Here's how the MMU translates an la to a pa:

   uint
   translate (uint la, bool user, bool write)
   {
     uint pde; 
     pde = read_mem (%CR3 + 4*(la >> 22));
     access (pde, user, write);
     pte = read_mem ( (pde & 0xfffff000) + 4*((la >> 12) & 0x3ff));
     access (pte, user, write);
     return (pte & 0xfffff000) + (la & 0xfff);
   }

   // check protection. pxe is a pte or pde.
   // user is true if CPL==3
   void
   access (uint pxe, bool user, bool write)
   {
     if (!(pxe & PG_P)  
        => page fault -- page not present
     if (!(pxe & PG_U) && user)
        => page fault -- not access for user
   
     if (write && !(pxe & PG_W)) {
       if (user)   
          => page fault -- not writable
       if (%CR0 & CR0_WP) 
          => page fault -- not writable
     }
   }

Can we use paging to limit what memory an app can read/write?

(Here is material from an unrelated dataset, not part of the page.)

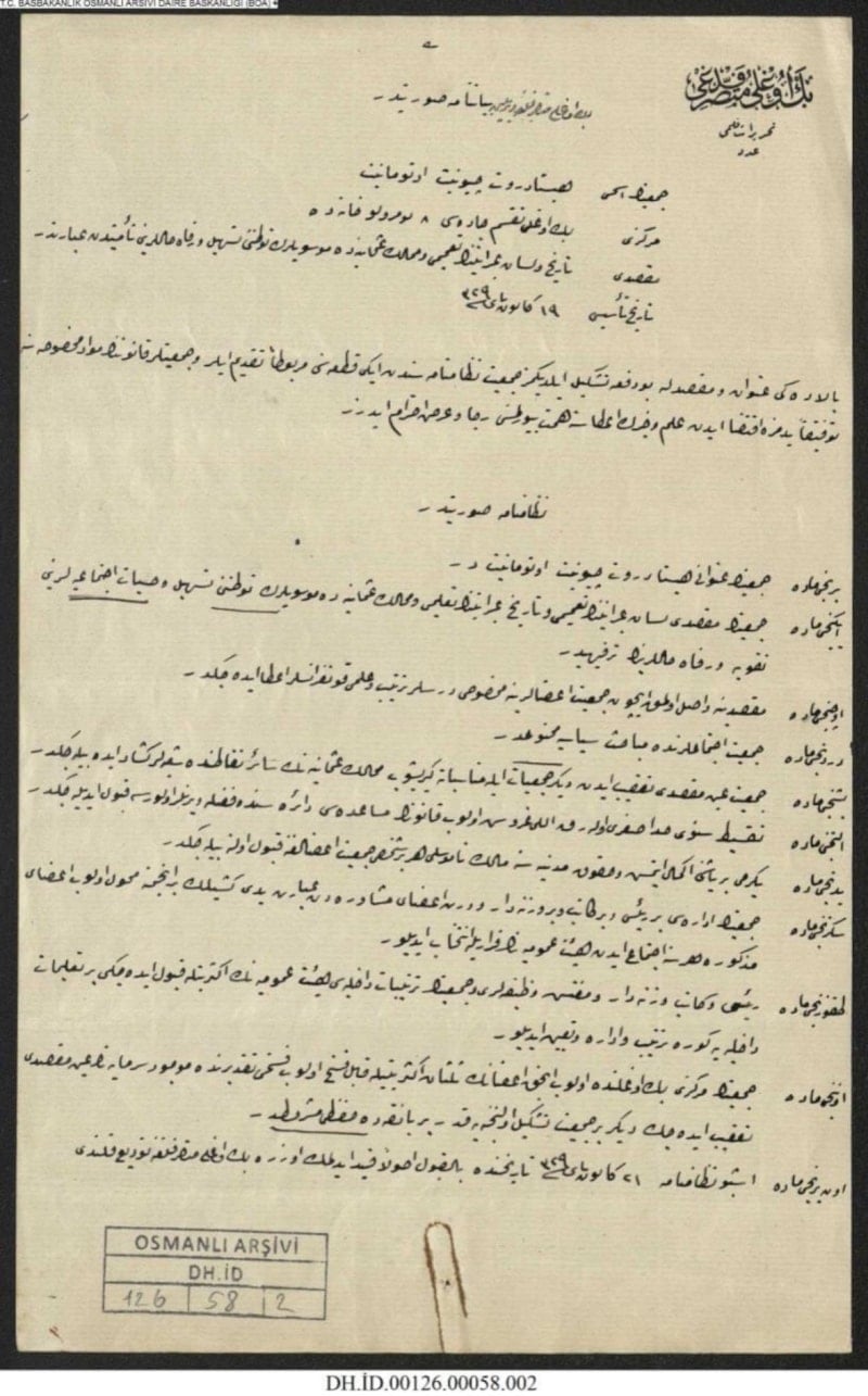 Devlet Arşivlerindeki DH. İD. 1332 R.27, 126/58 numara ile kayıtlı bulunan belgelerde bu derneğin ilginç kuruluş ve kapatılış hikâyesi yatar.

user can't modify cr3 (requires privilege)
is that enough?
could user modify page tables? after all, they are in memory.

Who stores what?

cr3: physical address
GDT descriptor: linear address
IDT descriptor: virtual address

Pintos:

Kernel mapped in top 1GB of every process address space
Kernel pages have PG_U bit 0
Dealing with user pointers -- three options:
- Convert user pointer to kernel pointer (in kernel's address space) by walking the page table in software. Then dereference kernel pointer
- Check user pointer by walking the page table in software. Then dereference user pointer
- Dereference user pointer at select code locations only (e.g., copy_from_user, copy_to_user). If there is a bad pointer, it will cause a page fault. The page fault handler can check eip to see if it is one of the copy_xx_user functions. If so, the handler can kill the process and cleanup it's state.
- When will two virtual addresses in the same page table point to a common physical address?
- When will two virtual addresses in two different page tables point to a common physical address?

Page tables vs. Segmentation

Good: Pages are easy to allocate (keep a list of available pages and just allocate the first available).
Good: Pages are easy to swap as everything is same size and pages are usually same size as disk blocks.
Bad: Page tables can become very large (need one entry for each page-sized unit of virtual memory).